CPUID-triggered rcb undercounts are not reliably handled

joneschrisg commented 10 years ago

... and then replay diverges :/. I've never seen this warning printed on my Ivy Bridge machine before, and IIRC this was a Haswell bug.

joneschrisg commented 10 years ago

What seems to cause the problem is when I restart with an new event target (e.g. r NNN).

joneschrisg commented 10 years ago

I can reproduce a variety of bad behaviors with explcitly-targeted restarts, not always this one.

joneschrisg commented 10 years ago

This turns out to be a pretty dumb bug, but I need to think for a bit about how to write a test ...

joneschrisg commented 10 years ago

So the dumb bug is that ReplaySession doesn't reset the EnvironmentBugDetector state when a session is fully restarted (i.e. rewound to beginning-of-trace). That's easy to fix, but I think the better solution is to get rid of ReplaySession::restart().

However, there's a much worse bug, I think. I can easily make the spurious bug-detection trigger with a simple test, but when it does, no overshoot. Really, there's no reason accidentally turning on the workaround should break anything, since it's just supposed to add extra slack.

But I think there's a problem here

https://github.com/mozilla/rr/blob/2b3ede9d8cfc01708151d042c5d15e9410959fcc/src/replayer.cc#L1015

If in the interval [target_rcb - 6, target_rcb) we end up seeing the same register set as at the target, then is_same_execution_point() will spuriously return true. Then at the next target or syscall, we'll see an rbc overshot by 6 or so. (I'm seeing an overshoot by 8, which I think I understand.)

I don't have any ideas for fixing this :/. (Nothing that wouldn't totally destroy perf, anyway.) @rocallahan how about you?

joneschrisg commented 10 years ago

Assume the following happens

CPUID bug is detected
tracee has rbc target x with register set R
tracee runs up to x - 6
by chance, its register set is R
is_same_execution_point() returns true
...
assume same tracee is scheduled to advance to rbc target y
tracee will have run something like y + 6 rcbs to reach the target, because it stopped short of the first target x

Am I missing a fixup step or otherwise thinking about this wrongly?

If this is a bug, I think I do have a potential workaround, but urgh it's complex!

rocallahan commented 10 years ago

If in the interval [target_rcb - 6, target_rcb) we end up seeing the same register set as at the target, then is_same_execution_point() will spuriously return true.

The assumption behind rcb slack is that this never happens.
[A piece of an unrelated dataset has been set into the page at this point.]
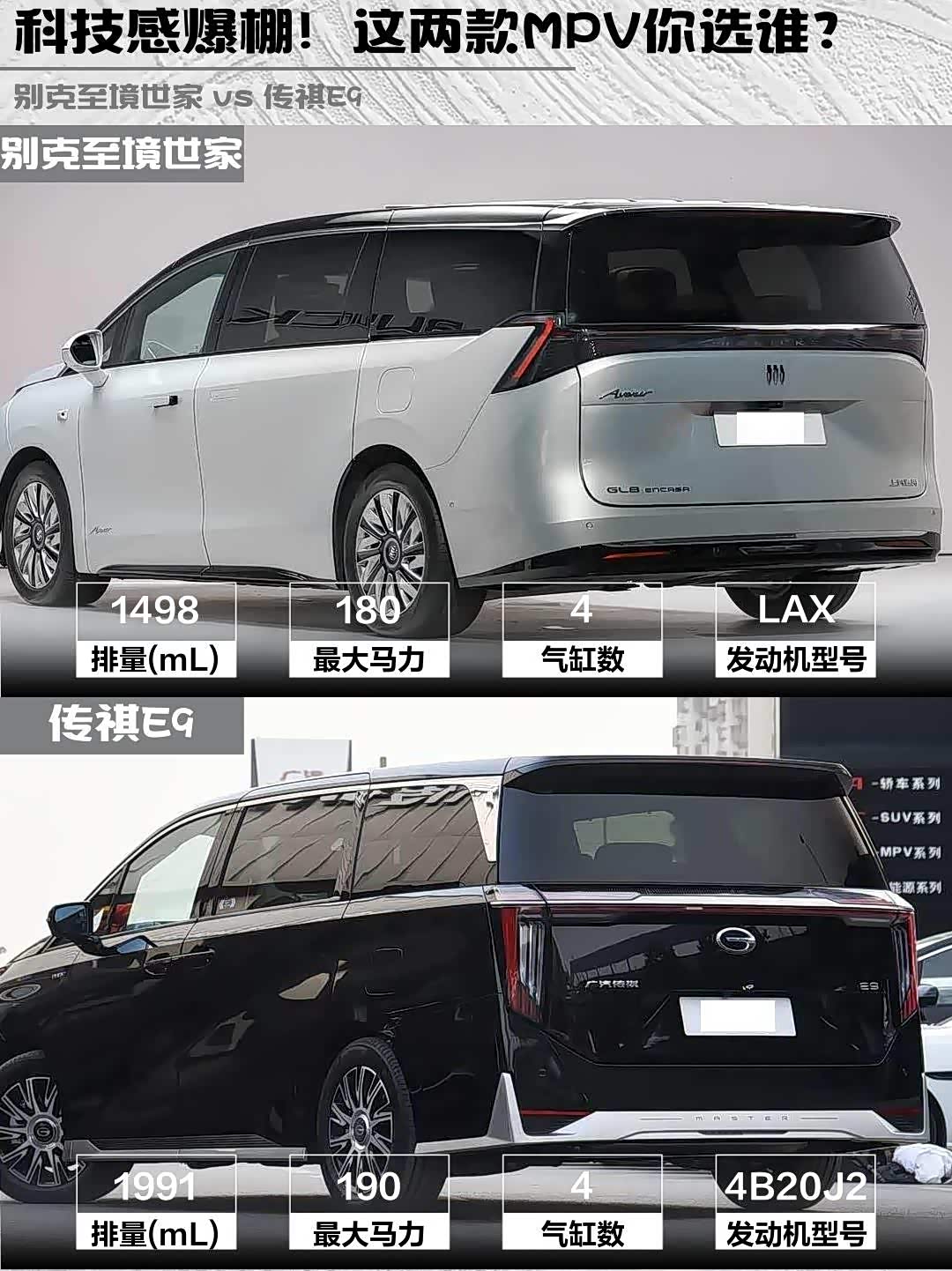 车家号·0浏览·2026-01-31 08:45 · 北京最近在选家用MPV的兄弟们看过来!今天深度对比两款热门插混MPV—— 别克至境世家(参数|询价)2026款尊享版🆚传祺E9 2024款贺岁版,看完这篇你就知道哪台更适合你!🔥

We're already assuming that across all instruction executions whose rcb is equal to target_rcb, GP registers are unique; rcb slack just extends that window to a wider range of rcbs. As you pointed out on IRC, the consequences of a spurious stop are worse with rcb slack though.
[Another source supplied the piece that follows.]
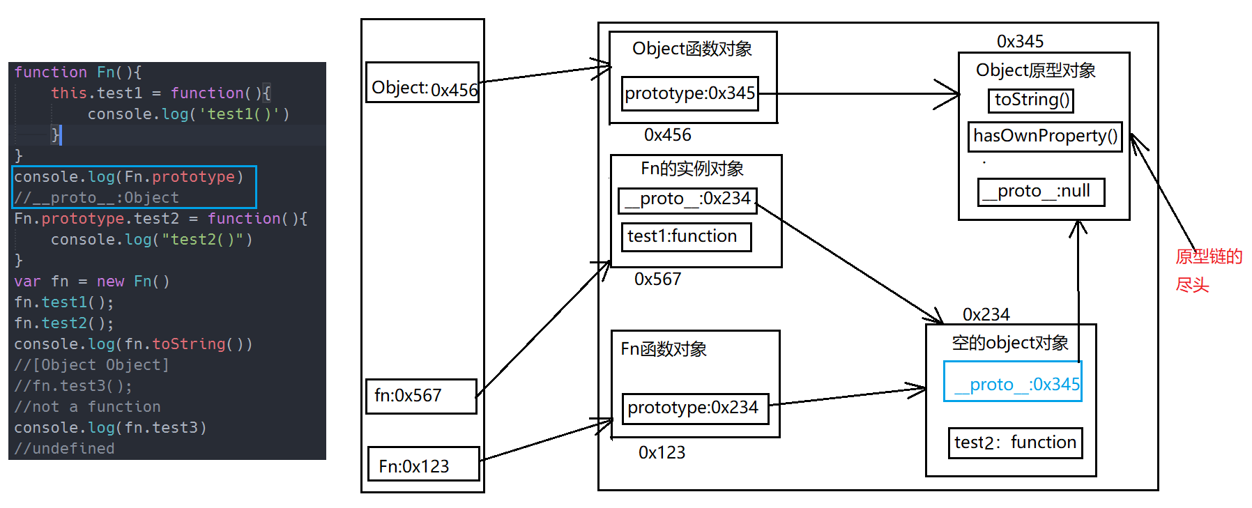 console.log(Object.prototype == fn.__proto__.__proto__) //true

If you found a Firefox divergence with rcb slack enabled, then we probably should fix it; I found that on my Ivy Bridge laptop, I can get the CPUID bug in VMWare.
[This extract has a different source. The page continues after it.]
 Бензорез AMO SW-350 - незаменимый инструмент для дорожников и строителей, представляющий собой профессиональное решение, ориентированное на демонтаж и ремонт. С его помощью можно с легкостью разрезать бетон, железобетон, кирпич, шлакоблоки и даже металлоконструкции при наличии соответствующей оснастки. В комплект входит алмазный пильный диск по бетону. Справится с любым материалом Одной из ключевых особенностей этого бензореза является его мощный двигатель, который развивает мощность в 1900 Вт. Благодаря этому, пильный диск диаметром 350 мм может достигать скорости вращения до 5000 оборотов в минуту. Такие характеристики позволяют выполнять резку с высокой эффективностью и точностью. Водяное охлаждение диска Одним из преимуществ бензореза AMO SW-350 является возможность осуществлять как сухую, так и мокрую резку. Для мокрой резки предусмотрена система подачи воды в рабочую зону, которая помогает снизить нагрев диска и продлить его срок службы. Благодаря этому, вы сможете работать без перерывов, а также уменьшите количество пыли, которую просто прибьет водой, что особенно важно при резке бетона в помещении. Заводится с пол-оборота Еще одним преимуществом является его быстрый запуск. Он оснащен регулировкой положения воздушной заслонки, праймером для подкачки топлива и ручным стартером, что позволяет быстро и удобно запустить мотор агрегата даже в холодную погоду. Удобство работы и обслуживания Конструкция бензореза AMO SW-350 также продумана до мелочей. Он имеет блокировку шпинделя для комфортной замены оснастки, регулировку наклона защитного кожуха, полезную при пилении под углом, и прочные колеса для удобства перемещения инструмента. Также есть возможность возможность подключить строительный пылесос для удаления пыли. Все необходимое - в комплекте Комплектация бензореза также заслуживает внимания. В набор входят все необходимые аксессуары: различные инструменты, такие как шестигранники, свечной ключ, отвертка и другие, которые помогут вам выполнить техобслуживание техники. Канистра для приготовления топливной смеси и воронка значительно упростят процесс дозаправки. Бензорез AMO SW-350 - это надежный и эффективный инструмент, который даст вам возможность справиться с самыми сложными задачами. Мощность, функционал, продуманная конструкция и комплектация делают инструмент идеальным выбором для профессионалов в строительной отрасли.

I look forward to hearing what you have in mind :-). One obvious but complex approach would be, when we see our target register set in the slack window, clone the current state and execute forward in the clone to see if there is also a matching register set with an exact match for the rcb value, and if there is, disable slack for this stop.

joneschrisg commented 10 years ago

One obvious but complex approach would be, when we see our target register set in the slack window, clone the current state and execute forward in the clone to see if there is also a matching register set with an exact match for the rcb value, and if there is, disable slack for this stop.

That was close to what I had I had in mind, but I'm scared of potentially checkpointing a lot. I think we could get pretty much the same effect by saving the undershot rcbs and regset on Task, and then at the next continue request, gingerly step up until the end of the undershot region. If we hit target regset at the end of undershot region, then continue on normally, otherwise count those few rcbs as part of the next event's execution. (Or if we hit the next event just continue normally.) But yeah, that's really really complex ...

joneschrisg commented 10 years ago

I had suggested making the assertions fuzzier, but I realized that won't work because tracees can genuinely diverge under the right unlucky conditions.

joneschrisg commented 10 years ago

I usually say this semi-facetiously, but of course another potential solution is switching to irc.

rocallahan commented 10 years ago

I'm scared of potentially checkpointing a lot.

I'm not. I was able to record and replay some Firefox runs with the current code with rcb slack enabled, which suggests we don't hit these spurious stops very often.

If you think instructions-retired can work, feel free to put some time into it :-). It would be great.

joneschrisg commented 10 years ago

I'm not. I was able to record and replay some Firefox runs with the current code with rcb slack enabled, which suggests we don't hit these spurious stops very often.

Well there are two issues. We spuriously stop in the slack region fairly frequently; if I lower the slack to 2 rcbs, we spuriously stop there ~30 times in a ~200,000 event trace in the recording I'm debugging. We'd have to checkpoint at each of those stops. Running JS code seems to be most vulnerable to this.

The other question is how often we hit the unlucky combo that trips the divergence assertion. Dunno about that, obviously rarer but didn't take me too long to hit.

rocallahan commented 10 years ago

200K events is a lot of execution. 30 clones in that interval might not be too bad.

And what if we lower it to 1 rcb worth of slack? I suspect that's probably going to be enough.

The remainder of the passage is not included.